La compagnie, qui détient une capacité de production d’environ 2300 agneaux annuellement, a déjà exporté aux États-Unis en s’unissant avec quatre à cinq autres bergeries de l’Est-du-Québec pour profiter d’un volume suffisamment élevé. C’est précisément ce que Mme Lelièvre souhaite faire pour le Japon. Grâce à la subvention versée par le fédéral, cette dernière se déplacera en sol japonais lors de deux salons en février et en mars prochain afin de présenter à de potentiels clients ses agneaux de spécialité.

« Je n’aurais pas pu y aller toute seule. […] C’est le fédéral qui me permet de faire ça, sinon, il aurait fallu que j’attende longtemps avant d’avoir l’argent disponible », fait valoir la gestionnaire, qui aimerait voir l’agneau gaspésien se retrouver dans les assiettes des Japonais d’ici le printemps prochain.

New York et Boston dans la mire

Les Entreprises Raymer de New Richmond profite pour sa part d’un peu plus de 76 000 $. Cette subvention lui permettra de mettre sur pied une stratégie afin qu’elle développe de nouveaux marchés au Québec, en Ontario et aux États-Unis, notamment à New York et à Boston.

« Cette aide financière-là va nous permettre d’aller rencontrer des clients, d’envoyer des échantillons, de créer du matériel promotionnel et de couvrir les frais relatifs au développement de ce nouveau marché », explique Sabrina Mercier, directrice administrative et commerciale. Cette dernière estime que l’omble chevalier, qui constitue environ 90 % de la production en bassins intérieurs de la pisciculture, gagne à être davantage connu auprès des gourmets. « Ça a un goût délicat et une chaire vraiment intéressante pour les chefs », ajoute Mme Mercier.

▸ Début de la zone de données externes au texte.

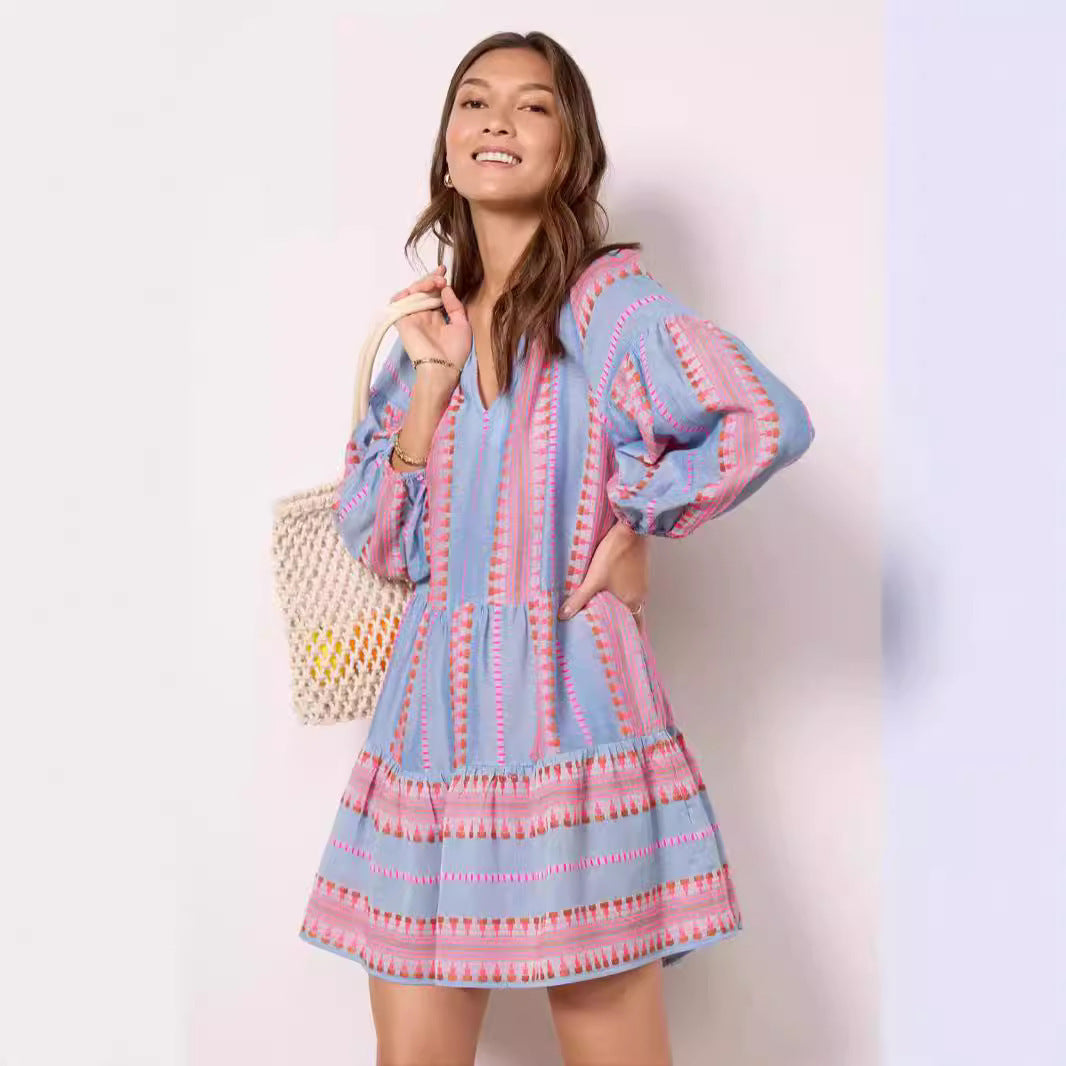 Sleeve V-neck Striped Printed A- Line Skirt Dress

L’entreprise certifiée Ocean Wise en est actuellement à augmenter sa production. Ce volume bonifié atteindra 50 tonnes de poissons dans les prochaines années, ce qui constituera une augmentation de 35 % à 40 % de sa capacité actuelle.

Tournée vers l’environnement

Cime Aventures, de Bonaventure, profitera de près de 37 000 $ pour rehausser sa performance environnementale. L’entreprise familiale, en opération depuis 31 ans, est désormais dirigée par Élodie Brideau.

Grâce aux fonds reçus, l’attrait touristique travaillera, de concert avec un consultant, à l’obtention de la norme internationale 14 0001. Cime Aventures sera d’ailleurs la toute première compagnie touristique québécoise à bénéficier de cette certification, qui vise à concilier les impératifs de ses activités au respect intégral de l’environnement.

Plusieurs actions déployées au sein de la compagnie embauchant 65 personnes mèneront à cette reconnaissance. « Comme l’essentiel de nos activités a toujours été étroitement lié à la beauté et à la pureté de la rivière Bonaventure, il nous importe d’assurer la conservation de ce décor enchanteur tout en minimisant notre empreinte environnementale et en maximisant notre responsabilité sociale », explique Camille Brideau, directrice des relations publiques.

Environ 200 des 3000 dossiers soumis à travers le Canada ont été acceptés dans le cadre de la Stratégie pour les femmes en entrepreneuriat du gouvernement fédéral. Seules trois entreprises gaspésiennes avaient déposé une demande pour en bénéficier.